Salazar sees hope on water issue

The interior secretary, who visited Georgia, knows tri-state battles.

The Atlanta Journal-Constitution

Friday, May 29, 2009

Interior Secretary Ken Salazar, in Georgia to discuss the longstanding water war between Georgia, Alabama and Florida, waged a tri-state water war of his own out West, he said.

As a former attorney general for Colorado, Salazar helped hash out a water-allocation plan between Colorado, Kansas and Nebraska, which had been feuding since 1984. The combatants spent $60 million on lawyers and engineers —- efforts that “did not yield a single drop of water,” Salazar said.

But the western states’ success in finding a solution makes Georgia Gov.

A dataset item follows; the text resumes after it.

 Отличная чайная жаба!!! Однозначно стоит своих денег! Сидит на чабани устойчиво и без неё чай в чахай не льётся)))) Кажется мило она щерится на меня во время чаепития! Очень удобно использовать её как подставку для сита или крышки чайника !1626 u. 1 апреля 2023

Sonny Perdue optimistic about doing the same here, Perdue spokesman Bert Brantley said. “The governor sees wide opportunity for us to make some real progress,” Brantley said.

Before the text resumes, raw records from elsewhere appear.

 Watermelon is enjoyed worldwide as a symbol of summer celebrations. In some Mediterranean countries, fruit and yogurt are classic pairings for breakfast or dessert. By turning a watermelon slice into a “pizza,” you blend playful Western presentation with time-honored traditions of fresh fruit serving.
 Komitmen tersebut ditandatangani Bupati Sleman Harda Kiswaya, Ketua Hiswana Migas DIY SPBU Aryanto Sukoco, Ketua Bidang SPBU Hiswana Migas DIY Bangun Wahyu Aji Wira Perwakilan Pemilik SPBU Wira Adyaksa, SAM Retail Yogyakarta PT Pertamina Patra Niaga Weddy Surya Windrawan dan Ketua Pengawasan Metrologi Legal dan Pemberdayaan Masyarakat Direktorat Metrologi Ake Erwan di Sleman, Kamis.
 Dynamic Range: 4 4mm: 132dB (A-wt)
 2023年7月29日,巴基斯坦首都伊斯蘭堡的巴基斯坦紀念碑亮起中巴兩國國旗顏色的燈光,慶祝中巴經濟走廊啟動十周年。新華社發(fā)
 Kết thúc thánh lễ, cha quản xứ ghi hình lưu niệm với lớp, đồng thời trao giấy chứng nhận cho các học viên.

Georgia, Florida and Alabama have been fighting over who controls the Apalachicola-Chattahoochee-Flint River —- an argument tied to how metro Atlanta manages its water.

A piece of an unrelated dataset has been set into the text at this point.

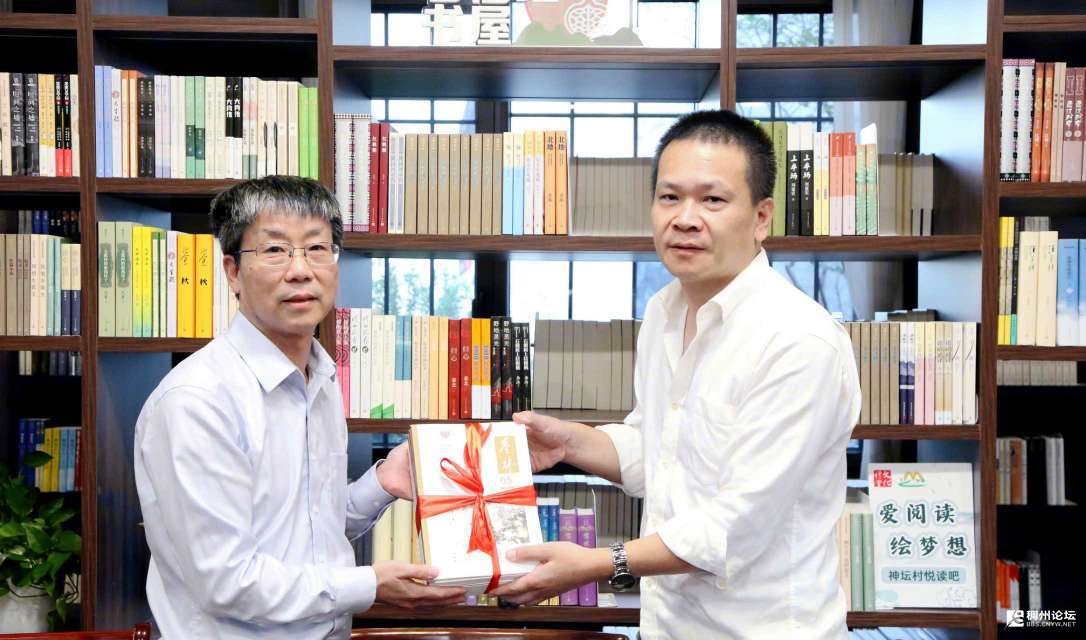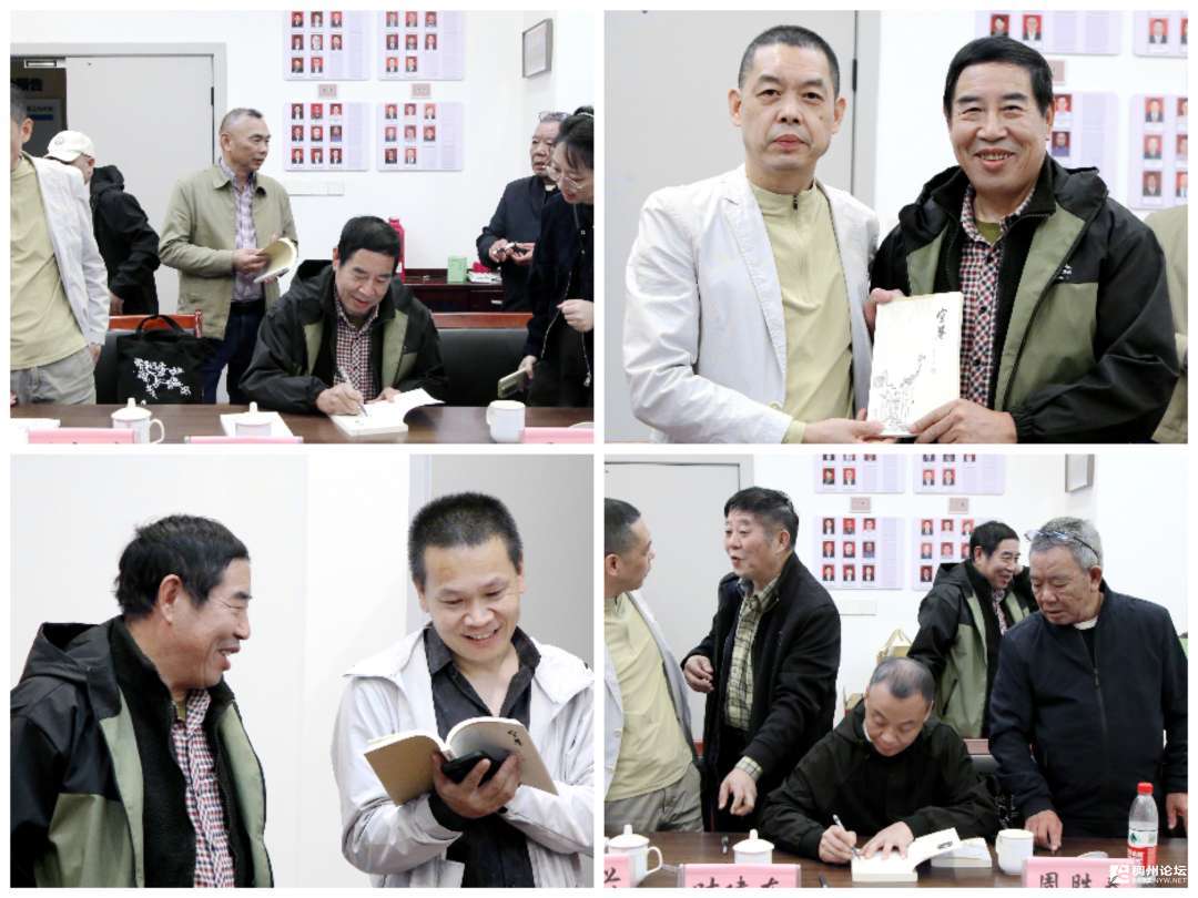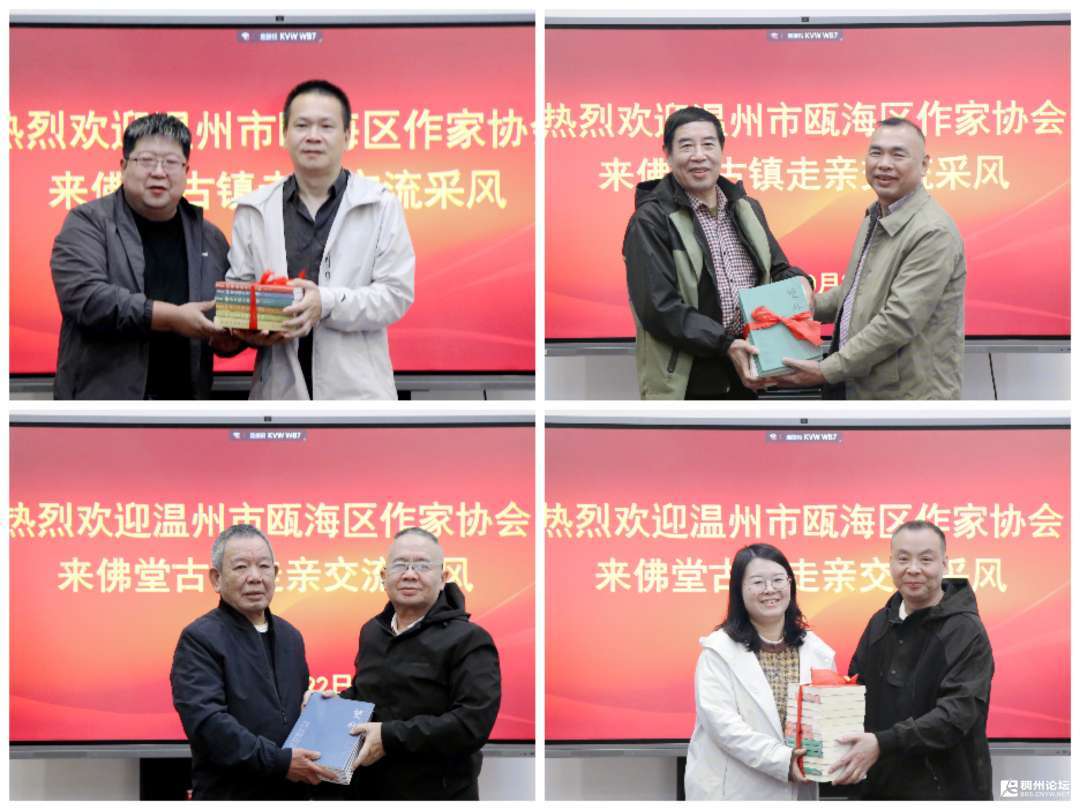 下午两点半,佛堂镇政府会议室里茶香氤氲。两地作家隔桌相望,桌上没有繁琐的议程文件,取而代之的,是各自精心准备的文学书刊与一颗颗坦诚交流的心。

At a court hearing in Jacksonville, Fla., earlier this month, Senior U.S. District Judge Paul Magnuson criticized the U.S. Army Corps of Engineers for taking decades to determine how to allocate water from Lake Lanier. The lake is the source of drinking water for more than 3 million people living in North Georgia and metro Atlanta. Magnuson predicted it would take some time before he issues a ruling.

While in Washington a couple of months ago, Perdue approached Salazar about the water war. Salazar spent the day in Georgia on Wednesday, touring Lake Lanier and other places while discussing water issues. He said he would discuss the tri-state water issue with Florida Gov. Charlie Crist, whom he was scheduled to visit Thursday.